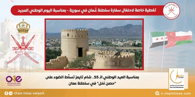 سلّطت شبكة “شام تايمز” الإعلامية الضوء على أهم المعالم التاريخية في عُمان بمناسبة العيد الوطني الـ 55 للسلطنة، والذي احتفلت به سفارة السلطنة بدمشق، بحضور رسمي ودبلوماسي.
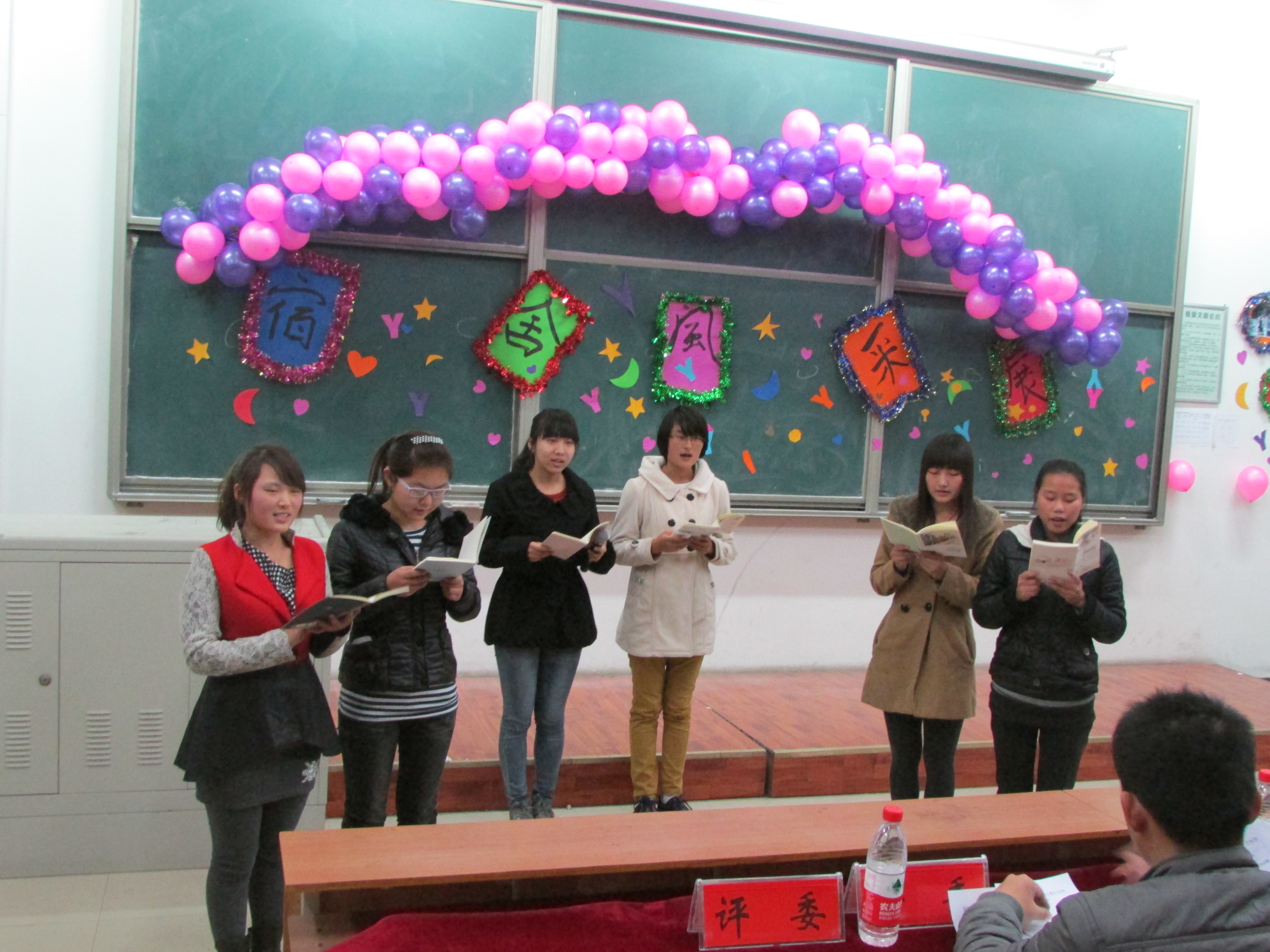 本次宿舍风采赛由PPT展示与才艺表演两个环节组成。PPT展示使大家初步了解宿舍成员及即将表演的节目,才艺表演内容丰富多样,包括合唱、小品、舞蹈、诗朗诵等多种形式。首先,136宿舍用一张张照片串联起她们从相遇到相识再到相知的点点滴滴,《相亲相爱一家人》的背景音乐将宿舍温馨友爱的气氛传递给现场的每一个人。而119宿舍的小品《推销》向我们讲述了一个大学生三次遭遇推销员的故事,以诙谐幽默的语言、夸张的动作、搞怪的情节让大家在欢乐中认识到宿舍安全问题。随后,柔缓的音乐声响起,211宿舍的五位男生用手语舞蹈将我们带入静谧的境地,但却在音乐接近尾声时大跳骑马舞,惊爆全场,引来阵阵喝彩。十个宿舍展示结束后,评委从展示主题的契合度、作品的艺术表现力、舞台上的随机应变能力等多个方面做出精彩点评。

------------------------------------------------------------------------

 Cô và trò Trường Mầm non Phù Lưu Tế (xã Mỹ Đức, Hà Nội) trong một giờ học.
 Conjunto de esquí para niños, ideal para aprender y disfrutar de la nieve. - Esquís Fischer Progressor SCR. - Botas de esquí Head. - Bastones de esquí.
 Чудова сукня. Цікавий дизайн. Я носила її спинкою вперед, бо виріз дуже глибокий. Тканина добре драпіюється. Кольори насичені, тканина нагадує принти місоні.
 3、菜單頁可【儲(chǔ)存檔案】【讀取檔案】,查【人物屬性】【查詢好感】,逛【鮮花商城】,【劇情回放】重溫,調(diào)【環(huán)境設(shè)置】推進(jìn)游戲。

------------------------------------------------------------------------

- **Task to carry out**
Look above for the line holding "بحضور رسمي ودبلوماسي." and output everything from it down to the line holding "本次宿舍风采赛由PPT展示与", both ends included, exactly and without images.

- **Result of the exercise**
 سلّطت شبكة “شام تايمز” الإعلامية الضوء على أهم المعالم التاريخية في عُمان بمناسبة العيد الوطني الـ 55 للسلطنة، والذي احتفلت به سفارة السلطنة بدمشق، بحضور رسمي ودبلوماسي.
 本次宿舍风采赛由PPT展示与才艺表演两个环节组成。PPT展示使大家初步了解宿舍成员及即将表演的节目,才艺表演内容丰富多样,包括合唱、小品、舞蹈、诗朗诵等多种形式。首先,136宿舍用一张张照片串联起她们从相遇到相识再到相知的点点滴滴,《相亲相爱一家人》的背景音乐将宿舍温馨友爱的气氛传递给现场的每一个人。而119宿舍的小品《推销》向我们讲述了一个大学生三次遭遇推销员的故事,以诙谐幽默的语言、夸张的动作、搞怪的情节让大家在欢乐中认识到宿舍安全问题。随后,柔缓的音乐声响起,211宿舍的五位男生用手语舞蹈将我们带入静谧的境地,但却在音乐接近尾声时大跳骑马舞,惊爆全场,引来阵阵喝彩。十个宿舍展示结束后,评委从展示主题的契合度、作品的艺术表现力、舞台上的随机应变能力等多个方面做出精彩点评。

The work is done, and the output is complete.